Kava tea is an earthy blend that originates in the South Pacific. The kava plant has long been associated with stress relief and decreased anxiety. In recent years, research shows that it may also pose significant risks to health. Studies show that long-term consumption of kava may cause liver injury and other side effects.
That doesn’t mean you can’t open your tea world to new tastes and aromas. Kava tea can be consumed in mild amounts with fewer side effects. If you want to give kava tea a try, read on to learn more about potential side effects and uses of the beverage.
What Is Kava Tea?
Kava tea is made from extracts of the kava plant known by the botanical name Piper methysticum. Tea and dietary supplements are commonly made from the kava root. The kava plant is native to the South Pacific region, where it is consumed similarly to alcohol in the United States and Europe. Many South Pacific Islands, including Fiji and Guam, use the plant as herbal medicine.
Kava goes by many different names depending on the local language of each Pacific island. It’s commonly known as kava kava, awa, yaqona, malok, and sakau. The plant belongs to the pepper family and features a rich earthy flavor. It’s often described as tasting like muddy water. To improve the flavor of this tea, you can add ginger root, lemon, or a heaping teaspoon of honey.
Is Kava Tea Safe?
Kava has been a controversial ingredient in herbal health. Short-term use of the plant seems to be generally safe, but long-term use of the plant has been associated with serious adverse effects including liver damage. The high risk of liver problems shown by recent research studies has lead to kava being banned in western European countries and Canada.
Kava is still legal and readily accessible in the United States. The U.S. Food and Drug Administration in New York (FDA) released a consumer advisory on the plant and side effects associated with its long-term use (1). The advisory outlined the potential side effects of kava including skin rash, liver toxicity, dark urine, and nausea.
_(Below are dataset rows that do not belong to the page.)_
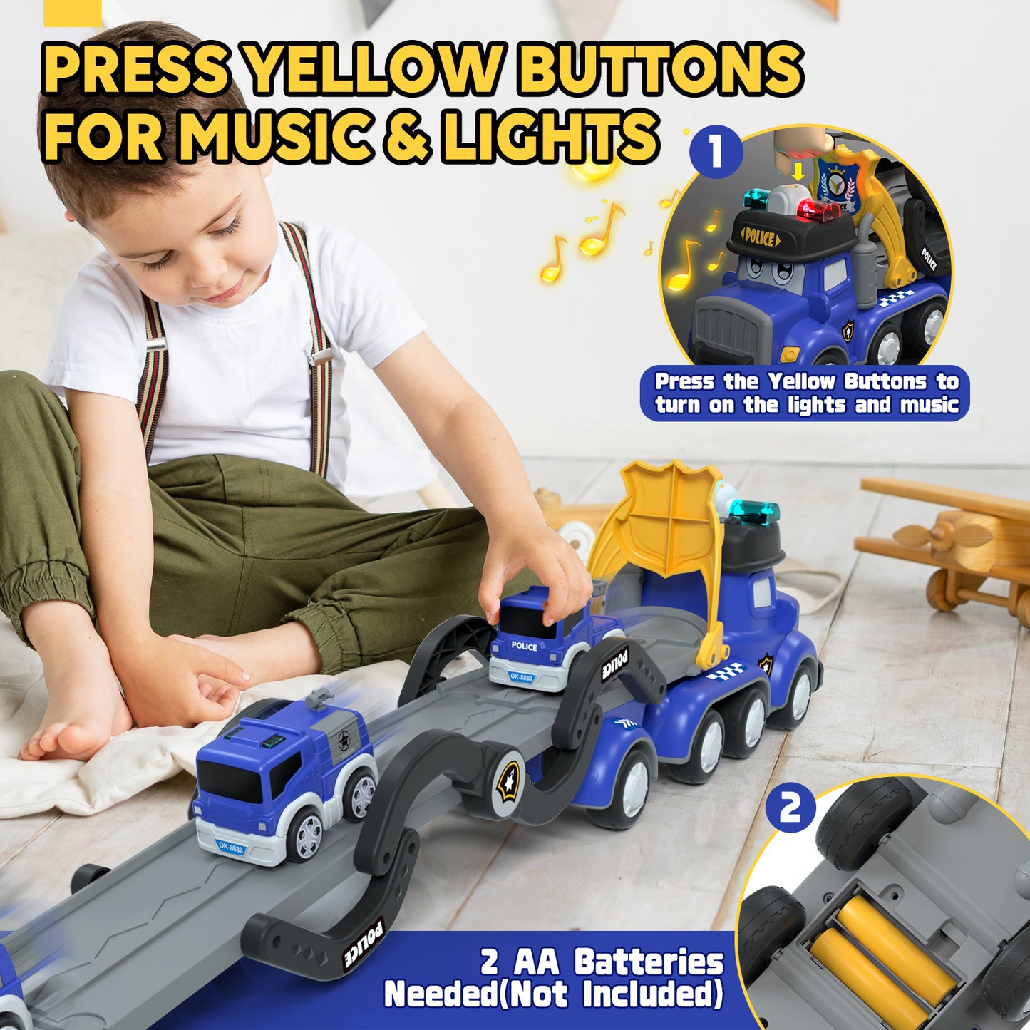 Toddler Toy for 2 3 4 5 Year Old Boys, Police Truck Toy Car with Light & Siren, 3 Layer Toy Truck Car Set with 6 Pull Back Cars & Race Track, Best Birthday Gifts for Age 2-5 Boys
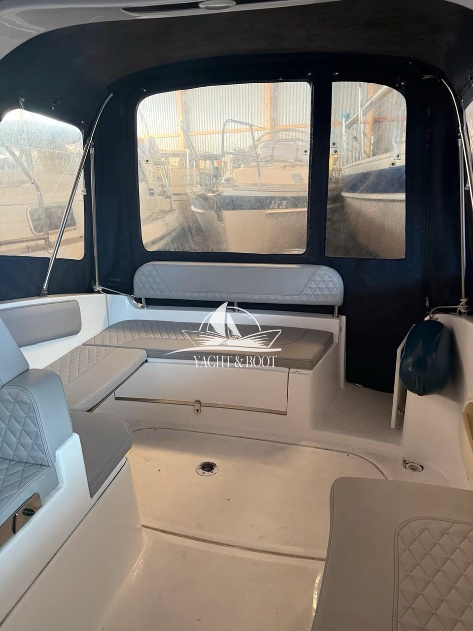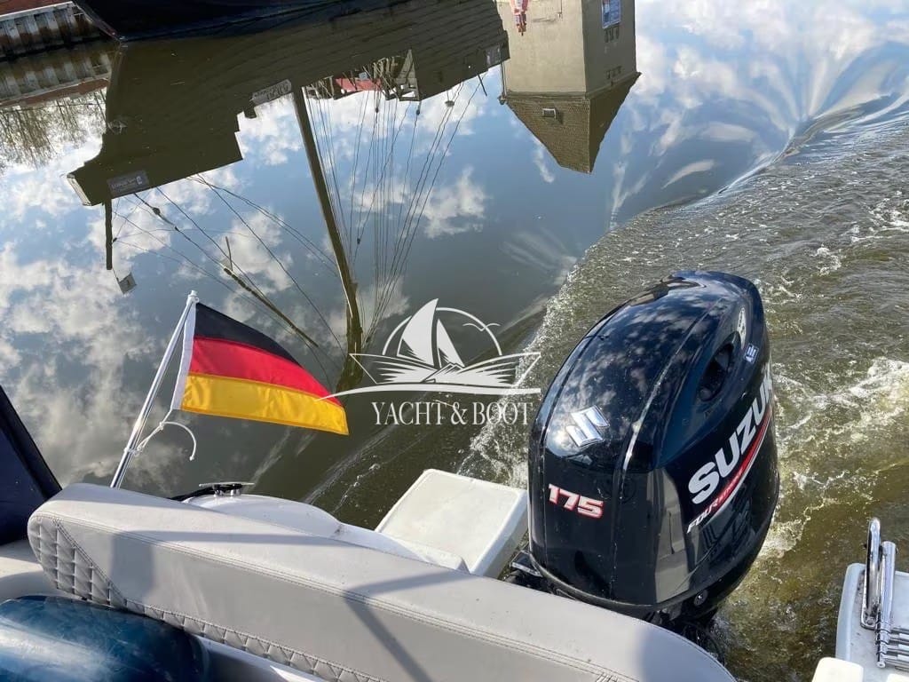 Die Saver 690 Cabin vereint italienisches Design mit durchdachter Funktionalität und kraftvoller Performance. Angetrieben von einem zuverlässigen 4-Takt-Suzuki Außenbordmotor mit 175 PS gleitet dieses gepflegte Sportboot souverän über jedes Gewässer – ob entspannte Ausfahrt oder sportlicher Törn.
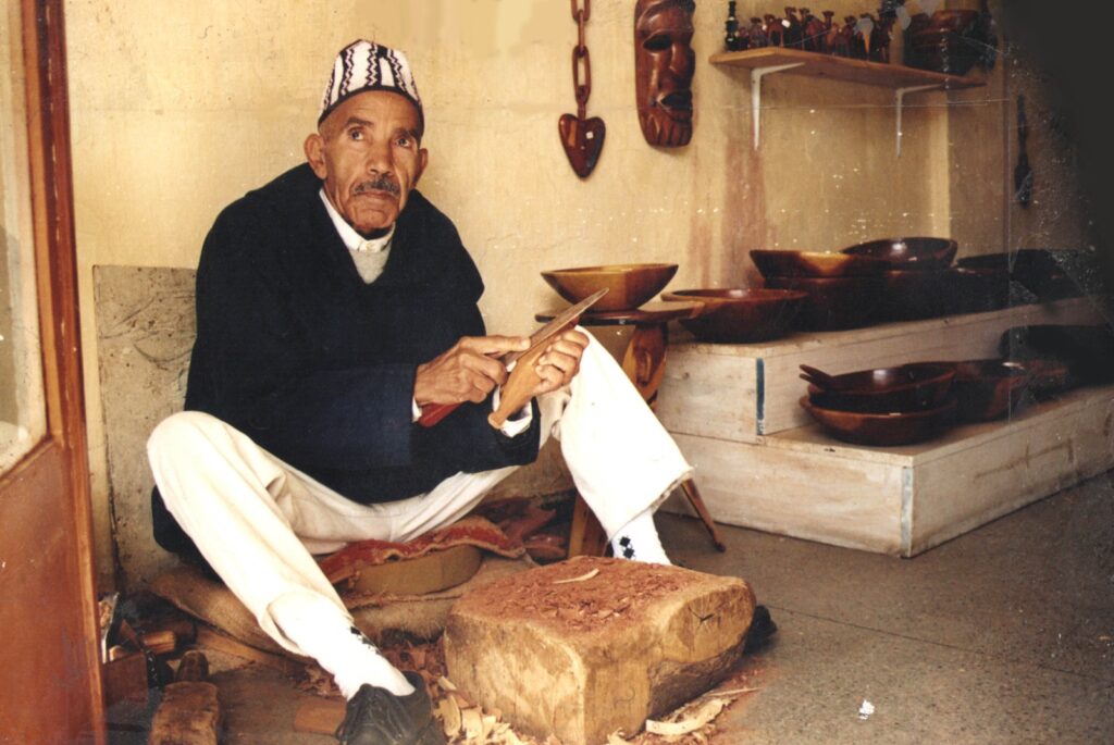 إن تجربة رشيد شعرير هي في جوهرها رحلة في الإنصات؛ إنصاتٌ للمادة كما للحياة، وللجذور كما للأفق، لقد ظلّ أمينًا لتلك اللحظة الأولى التي لامس فيها الخشب بيده الصغيرة، حين أدرك أن الفن لا يولد من الرفاهية بل من الحميمية، من علاقةٍ حقيقية بين الإنسان والعالم الذي يحيط به. لذلك يمكن القول إن مسيرته ليست مجرد تطور مهاري، بل هي استمرارية روحية لطقس طفولي تحوّل إلى فلسفة في النظر والخلق، هكذا، انبثق من عمق تلك الطفولة المتشظية في دوار صغير فنانٌ يبحث في المادة عن اللامرئي، وفي الشكل عن المعنى، وفي الضوء عن ذاكرة المكان، وفي الوجود قيمة مضافة لمعنى الانوجاد، ولعلّ ما يميز رشيد شعرير أن أعماله تسعى إلى تمجيد الخشب وإلى الإصغاء إلى صمته، لأن الصمت – في عالمه التشكيلي – هو اللغة الأولى للجمال، والفراغ هو المساحة التي تنبعث منها الحياة. يصف الفنان التشكيلي رشيد شعرير والده بـ “المعلّم الأول”، وهو توصيف يتجاوز حدود العاطفة الأُسرية ليبلغ عمقًا تربويًا وجماليًا نادرًا؛ إذ لم يكن الأب مجرّد حِرفيٍّ يشتغل على الخشب، ولكنه كان مربّيًا بالمعنى الفني للكلمة، في ورشته الصغيرة بقرية تجماصت، كان الابن يتعلم أبجدية الصبر والدقة والانصات، من إيقاع المطرقة على الخشب، ومن الفراغ الذي يسبق النقشة الأولى، ومن رائحة الأرز والعرعار والجوز التي كانت تختزن ذاكرة اليد والزمان، كان الأب يقول لابنه دون أن يتلفّظ “الفن ليس ما تراه العين، بل ما تكتشفه اليد حين تصغي”، هذه الفلسفة الصامتة كانت درسَه الأول في الجمال، لقد شكّل الأب نموذجًا لما يمكن تسميته بـ التربية الجمالية التقليدية، تلك التي تتأسس على الفعل والممارسة، لا على القول والتلقين. فبينما كان الطفل يراقب كيف تتحول قطعة الخشب الجامدة إلى شكل نابض بالحياة، كان في العمق يتعلم كيف يترجم الصمت إلى معنى، وكيف تتحول الدقة الحرفية إلى حسٍّ جماليٍّ داخلي، ولعلّ هذا ما جعل رشيد شعرير ينظر لاحقًا إلى الخشب لا باعتباره مادة صلبة، بل ككائن حيٍّ يحمل في تجاويفه صوت الزمن، وكأن الفن كله تمرينٌ على الإصغاء إلى هذا الصوت العميق. غير أن التجربة التكوينية لابن تنغير لم تقف عند حدود الورشة العائلية. فقد مثّلت المدرسة المغربية في ثمانينيات القرن الماضي الفضاء الثاني لتكوينه الجمالي. هناك، في فصولها البسيطة وساحاتها المزدحمة، اكتشف أفقًا جديدًا للجمال، أفقًا جماعيًا يحتفي بالخيال والهوية والاحتفال الوطني، كانت مسابقات الرسم المدرسية واحتفالات عيد العرش (الثالث من شهر مارس من كل عام) والمناسبات الوطنية، لحظاتٍ يتفجر فيها ذلك الشغف الطفولي باللون والشكل، في تلك البيئة، بدأ شعرير يدرك أن الفن لغة تواصل تتجاوز الحرفة الفردية إلى الفعل الجماعي، وأن اللوحة يمكن أن تكون ساحة لقاء بين الذاكرة والخيال، في هذه الفترة، سيكون الأستاذ والفنان التشكيلي محمد حستي، ذو الأصول الأمازيغية العميقة بثقافتها وحكمتها، يقول رشيد شعرير:”كان محمد حستي معلّمًا يلقّن الحرف واللون، ومربّيًا يغرس فينا حب الجمال والمسؤولية، وصديقًا يجعل من المشرفة درسًا في الإنسانية، وفنانًا ملهِمًا أشعل في داخلي الشرارة الأولى للفن، حفزني كثيرا للمشاركة في كل المسابقات وكنت دائما الفائز الأول، وغالبا ما كان يصحبني إلى منزله لكي اشاهد أعماله وأتلمس طرق اشتغاله، حقا كان صديقا أكثر منه أستاذا، ذات يوم طلب مني بحثًا عن الصناعة التقليدية، إدراكًا منه لجذوري الحرفية، قدّمت له ملفًا غنيًا عن فنّ الخشب والزربية الأطلسية، فكانت تلك اللحظة ولادتي الأولى مع الفن، وإلى جانب المدرسة، انفتح على فضاء آخر لا يقل أهمية، دار الشباب القدس بمدينة فاس عام 1989، التي كانت في تلك الفترة منبعًا لتجارب إبداعية واعدة، هناك شارك في ورشات الرسم والمسرح، وانخرط في إعداد الديكورات الركحية لعروض الهواة، فاكتشف العلاقة المعقدة بين الفضاء واللون، بين الحركة والظل، بين الكلمة والصورة، لقد كانت تلك التجرب

Due to these potential side effects, it’s not recommended to drink kava tea daily for long periods of time or to partake in kava consumption while pregnant or breastfeeding. Consult a qualified healthcare professional before taking kava supplements, drinking kava drinks like tea, or eating kava bars.
Kava may interact with certain medications including antidepressants and medications for central nervous system disorders. If you are taking any medications, talk to your doctor before drinking kava tea. Kava also increases the production of dopamine in the brain and thus may interact with drugs for Parkinson’s disease (2).
Most research shows that negative side effects occur during prolonged or continued use of kava. Kava is safe to consume occasionally and in small amounts. Limit consumption of kava products and consult a physician regularly to prevent serious side effects.
What Is Kava Used For?
Kava tea has traditionally been used as a social drink. It’s also frequently used in traditional medicine as a treatment for anxiety disorders. Kava tea can be brewed using parts of the fresh plant or by purchasing loose leaf teas or tea bags.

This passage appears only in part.